Eliminate the zero terms. Watch the signs on the other terms.

(A × B) × C

= (A_zB_xC_y − A_xB_zC_y) k̂
− (A_xB_yC_z − A_yB_xC_z) ĵ
− (A_yB_zC_x − A_zB_yC_x) k̂
+ (A_xB_yC_z − A_yB_xC_z) î
+ (A_yB_zC_x − A_zB_yC_x) ĵ
− (A_zB_xC_y − A_xB_zC_y) î

Then simplify.

(A × B) × C

= [(A_xB_yC_z + A_xB_zC_y) − (A_yB_xC_z + A_zB_xC_y)] î
+ [(A_yB_xC_z + A_yB_zC_x) − (A_xB_yC_z + A_zB_yC_x)] ĵ
+ [(A_zB_xC_y + A_zB_yC_x) − (A_xB_zC_y + A_yB_zC_x)] k̂

Repeat by crossing A into the second equation.

A × (B × C)

= A_x î × (B_yC_z − B_zC_y) î
+ A_x î × (B_zC_x − B_xC_z) ĵ
+ A_x î × (B_xC_y − B_yC_x) k̂
+ A_y ĵ × (B_yC_z − B_zC_y) î
+ A_y ĵ × (B_zC_x − B_xC_z) ĵ
+ A_y ĵ × (B_xC_y − B_yC_x) k̂
+ A_z k̂ × (B_yC_z − B_zC_y) î
+ A_z k̂ × (B_zC_x − B_xC_z) ĵ
+ A_z k̂ × (B_xC_y − B_yC_x) k̂

Eliminate the zero terms. Watch the signs on the other terms.

A × (B × C)

= (A_xB_zC_x − A_xB_xC_z) k̂
− (A_xB_xC_y − A_xB_yC_x) ĵ
− (A_yB_yC_z − A_yB_zC_y) k̂
+ (A_yB_xC_y − A_yB_yC_x) î
+ (A_zB_yC_z − A_zB_zC_y) ĵ
− (A_zB_zC_x − A_zB_xC_z) î

Then simplify.

A × (B × C)

= [(A_yB_xC_y + A_zB_xC_z) − (A_yB_yC_x + A_zB_zC_x)] î
+ [(A_xB_yC_x + A_zB_yC_z) − (A_xB_xC_y + A_zB_zC_y)] ĵ
+ [(A_xB_zC_x + A_yB_zC_y) − (A_xB_xC_z + A_yB_yC_z)] k̂

Are the two products equal or are they not?

(A × B) × C ≟ A × (B × C)

Let's make a direct comparison of the components.

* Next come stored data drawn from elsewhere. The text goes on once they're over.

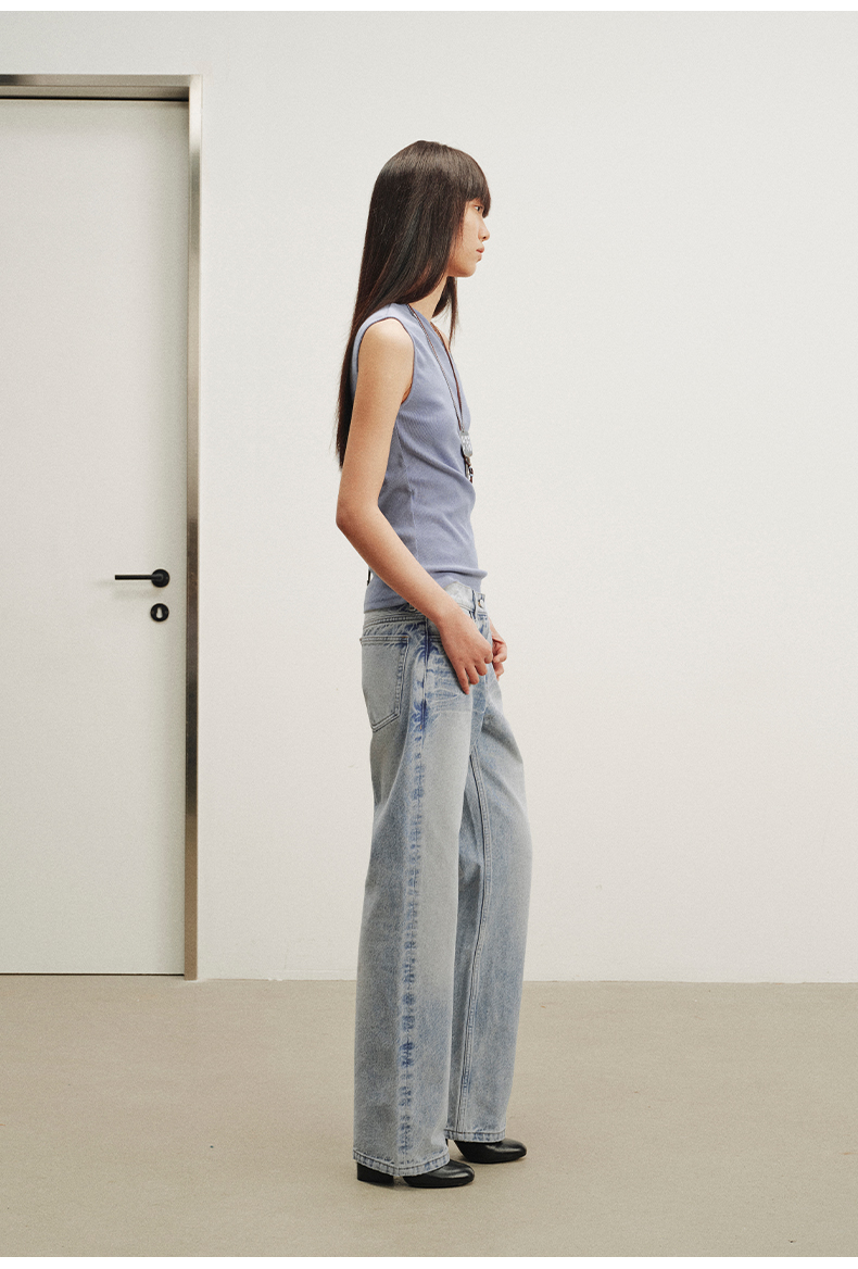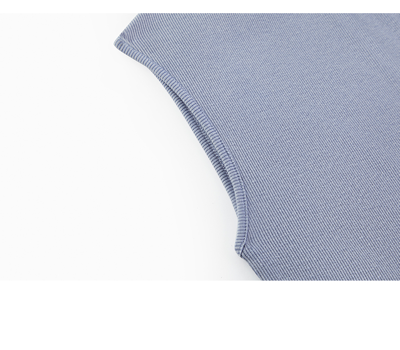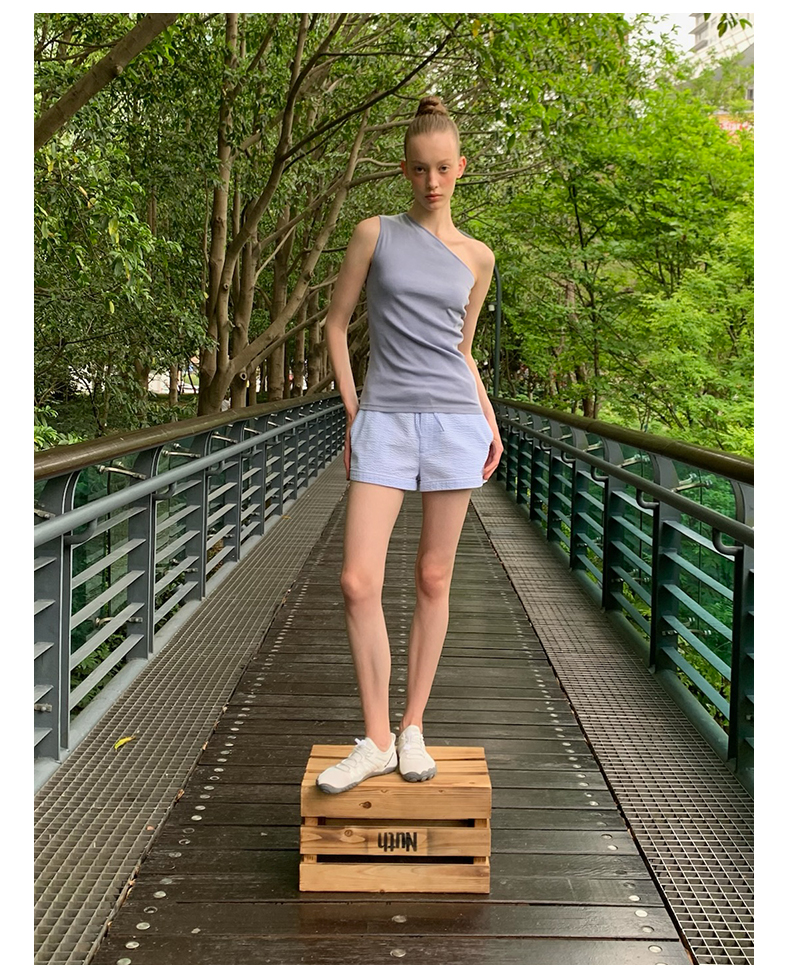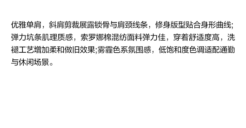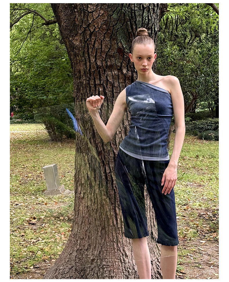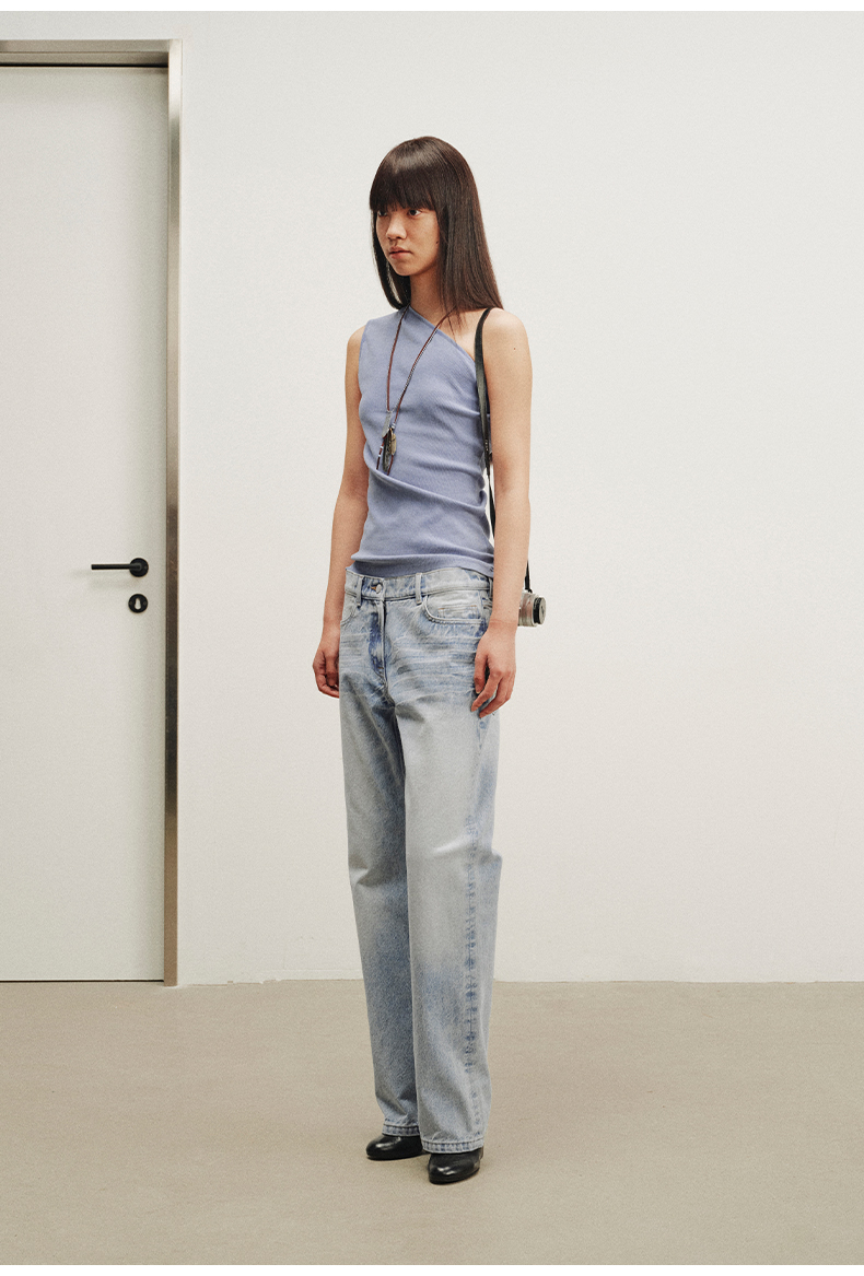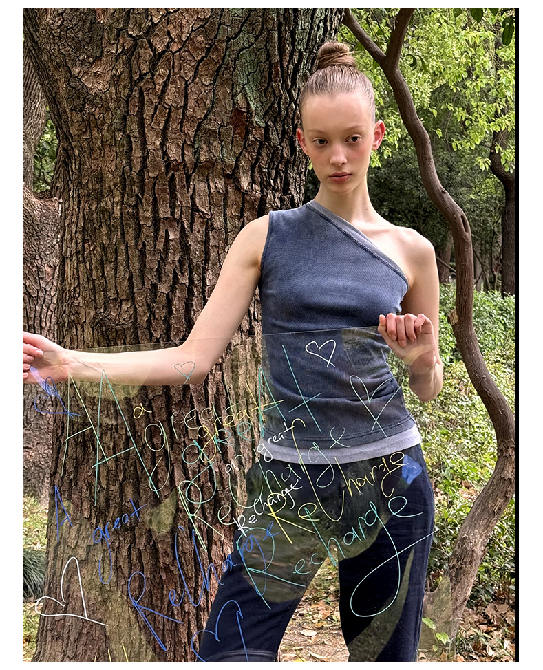 NUTH斜领露肩背心洗褪做旧弹力修身单肩背心女 雾霾蓝色/藏蓝色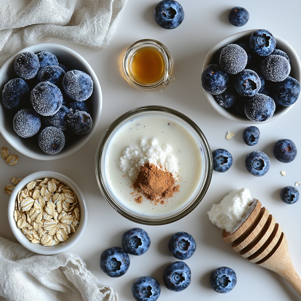 Creating the perfect Blueberry Muffin Protein Shake with Oats & Cinnamon Recipe is straightforward, requiring simple pantry staples that each bring something special to the table. From the natural sweetness of blueberries to the fiber-packed oats and the spicy warmth of cinnamon, every ingredient combines to nail the taste and texture of your favorite muffin without any baking.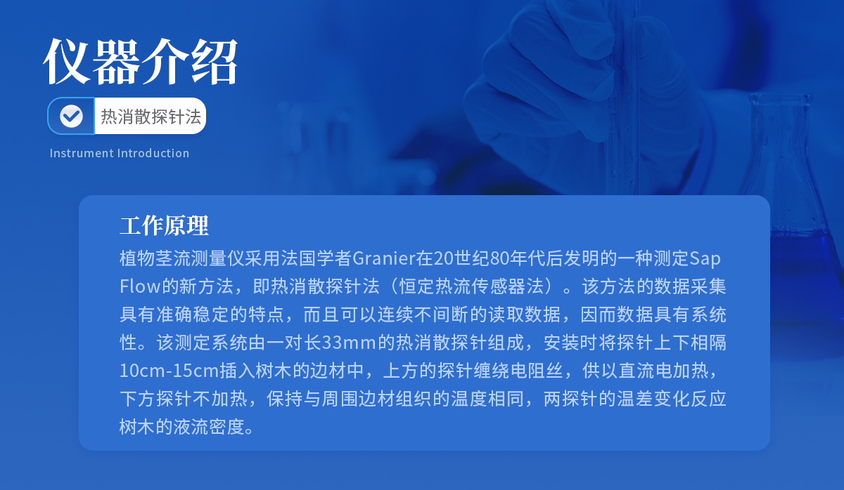 簡介:儀器介紹:植物莖流測量儀采用熱消散探針法測量樹干瞬時莖流密度,可以長期連續(xù)觀測樹木的液流,有利于研究樹木和大氣之間的水分交換規(guī)律,并以此為觀測手段,長期監(jiān)測森林生態(tài)系統(tǒng)對環(huán)境變化的影響。對于造林綠化、森林管理和林業(yè)管理等具有重要的理論指導意義和應用價值。工作原理 :植物莖流測量儀采用法國學者Granier在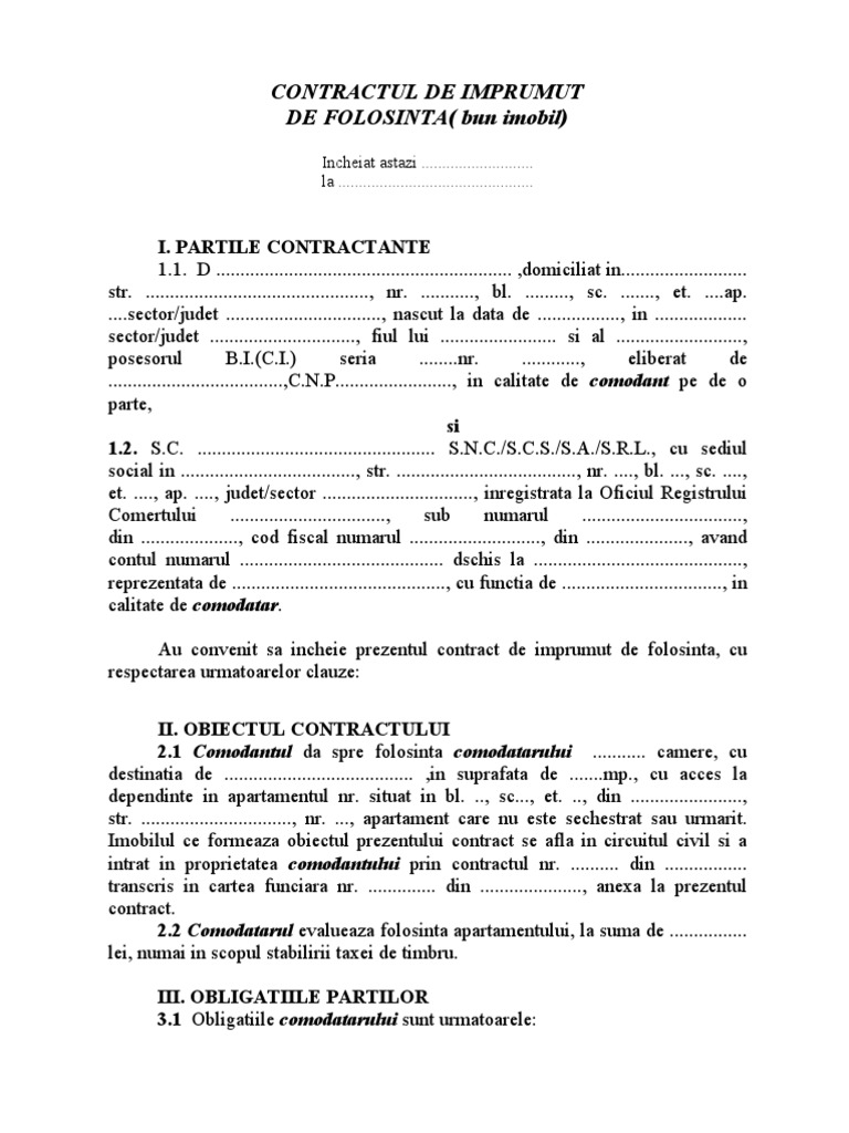 Contract De Comodat Imobil Word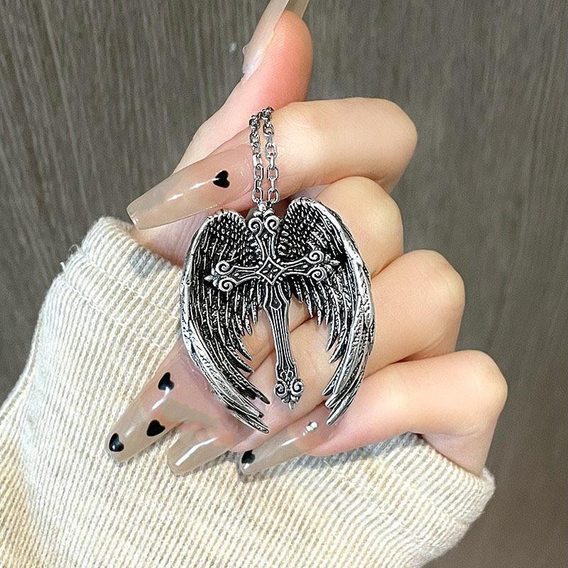 Стильное ожерелье с крестом и крыльями ангела из сплава для модных любителей панка и ретро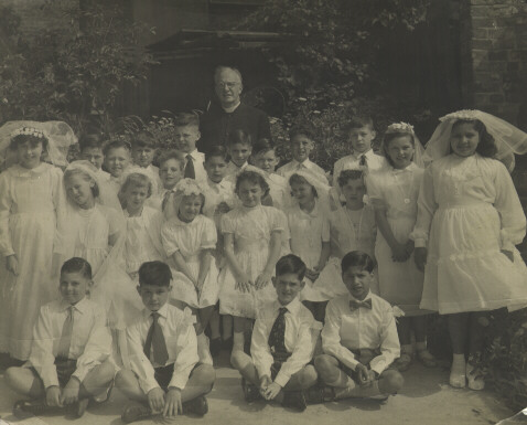 | picture | John's first communion group picture. John is third from the left at the back. |

[(A_xB_yC_z + A_xB_zC_y) − (A_yB_xC_z + A_zB_xC_y)] î	≟	[(A_yB_xC_y + A_zB_xC_z) − (A_yB_yC_x + A_zB_zC_x)] î

[(A_yB_xC_z + A_yB_zC_x) − (A_xB_yC_z + A_zB_yC_x)] ĵ	≟	[(A_xB_yC_x + A_zB_yC_z) − (A_xB_xC_y + A_zB_zC_y)] ĵ

[(A_zB_xC_y + A_zB_yC_x) − (A_xB_zC_y + A_yB_zC_x)] k̂	≟	[(A_xB_zC_x + A_yB_zC_y) − (A_xB_xC_z + A_yB_yC_z)] k̂

I don't see one triplet of subscripts in the same order as any other, therefore the vector cross product is not an associative operation.

(A × B) × C ≠ A × (B × C)

Well now, that wasn't any fun, but fun be damned. This ain't no amusement park. It's a math proof.